TASK OBJECTIVE: The reply should hold nothing except the lines from the one with "Description: Chain and" through the end of the entries, duplicated exactly and with no pictures.

(Records contained in a dataset)
______
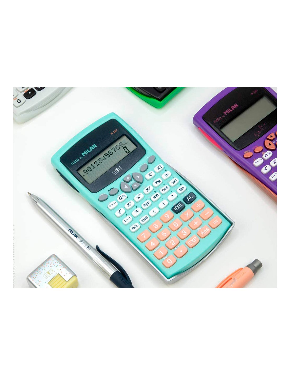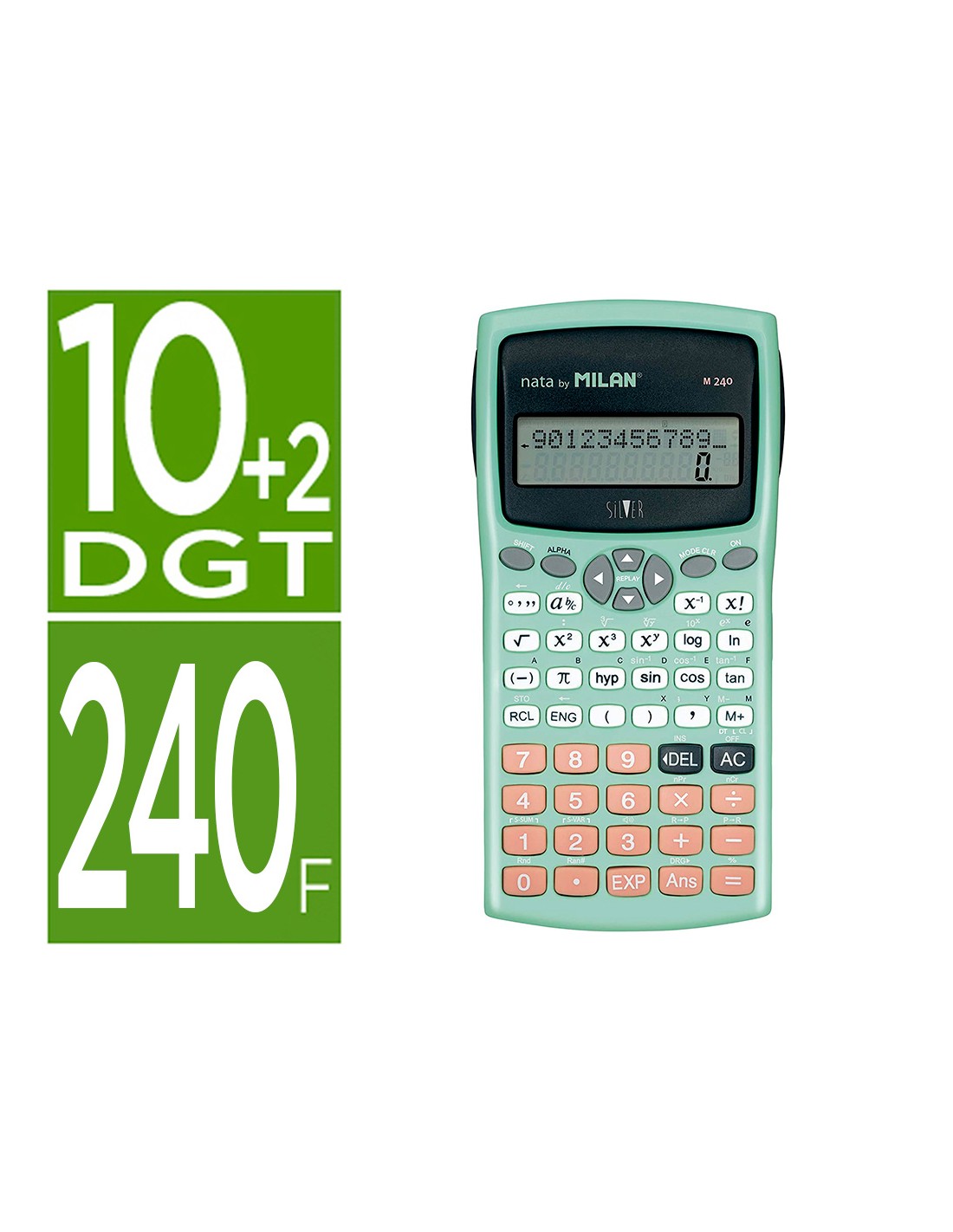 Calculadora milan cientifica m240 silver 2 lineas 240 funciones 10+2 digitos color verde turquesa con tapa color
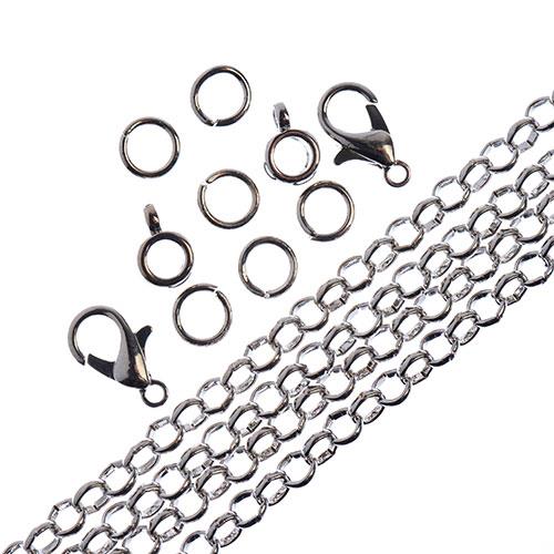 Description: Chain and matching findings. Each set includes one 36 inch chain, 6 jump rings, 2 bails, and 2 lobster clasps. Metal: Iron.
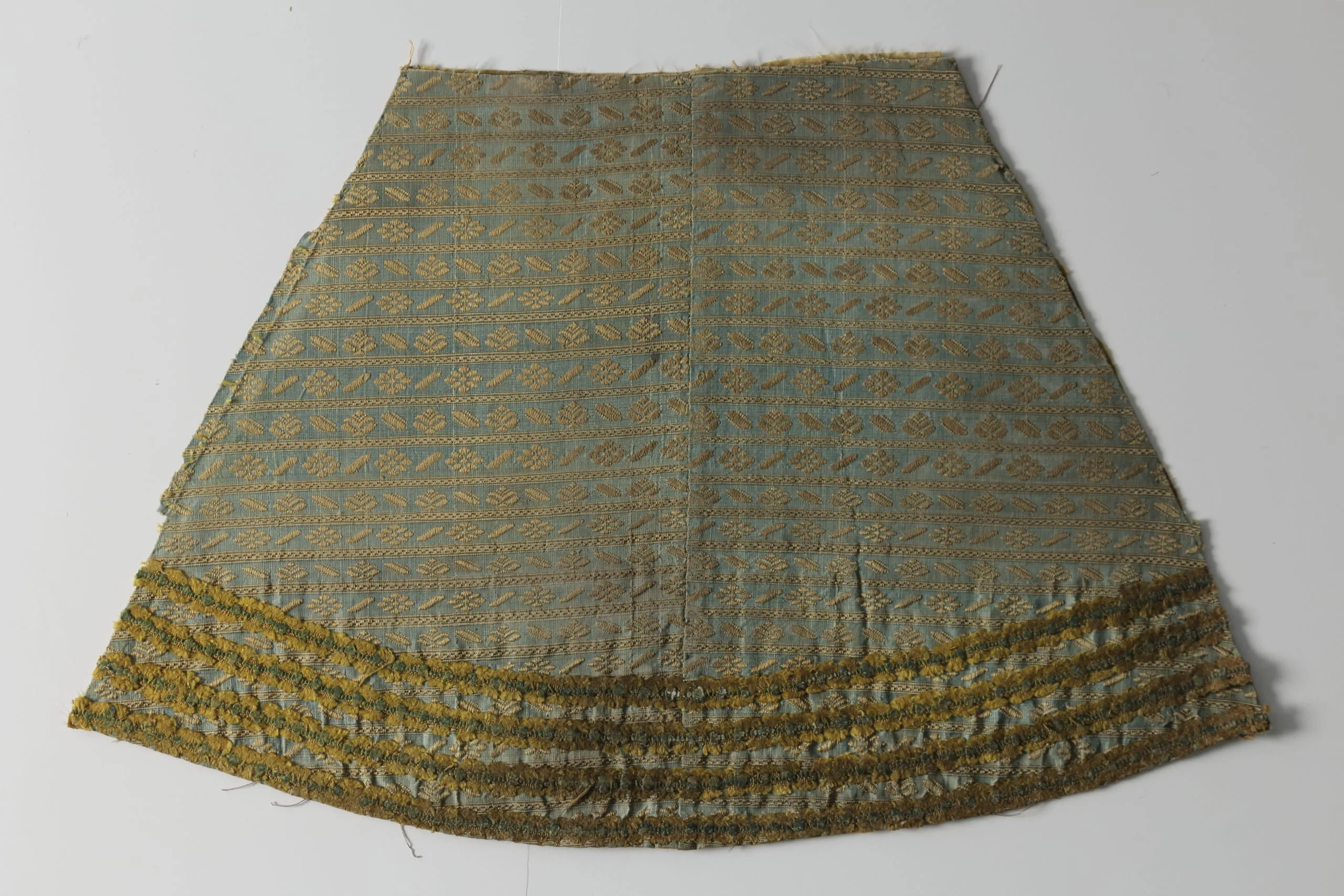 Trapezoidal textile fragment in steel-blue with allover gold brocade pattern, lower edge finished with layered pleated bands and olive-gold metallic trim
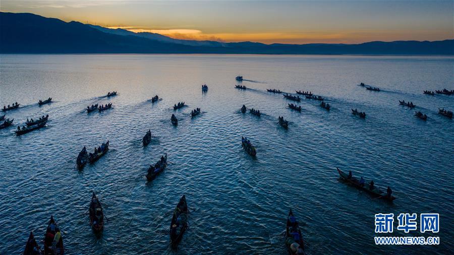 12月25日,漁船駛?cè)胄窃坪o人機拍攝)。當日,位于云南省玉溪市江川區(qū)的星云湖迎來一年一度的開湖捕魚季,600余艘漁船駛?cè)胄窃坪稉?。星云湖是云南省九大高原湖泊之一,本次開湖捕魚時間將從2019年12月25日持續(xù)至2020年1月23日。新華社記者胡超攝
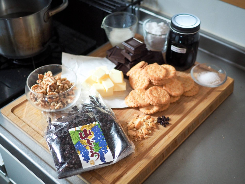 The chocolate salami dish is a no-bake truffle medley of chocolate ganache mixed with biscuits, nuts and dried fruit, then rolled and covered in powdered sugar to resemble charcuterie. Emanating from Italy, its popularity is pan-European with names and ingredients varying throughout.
______
COMPLETED TASK:
 Description: Chain and matching findings. Each set includes one 36 inch chain, 6 jump rings, 2 bails, and 2 lobster clasps. Metal: Iron.
 Trapezoidal textile fragment in steel-blue with allover gold brocade pattern, lower edge finished with layered pleated bands and olive-gold metallic trim
 12月25日,漁船駛?cè)胄窃坪o人機拍攝)。當日,位于云南省玉溪市江川區(qū)的星云湖迎來一年一度的開湖捕魚季,600余艘漁船駛?cè)胄窃坪稉?。星云湖是云南省九大高原湖泊之一,本次開湖捕魚時間將從2019年12月25日持續(xù)至2020年1月23日。新華社記者胡超攝
 The chocolate salami dish is a no-bake truffle medley of chocolate ganache mixed with biscuits, nuts and dried fruit, then rolled and covered in powdered sugar to resemble charcuterie. Emanating from Italy, its popularity is pan-European with names and ingredients varying throughout.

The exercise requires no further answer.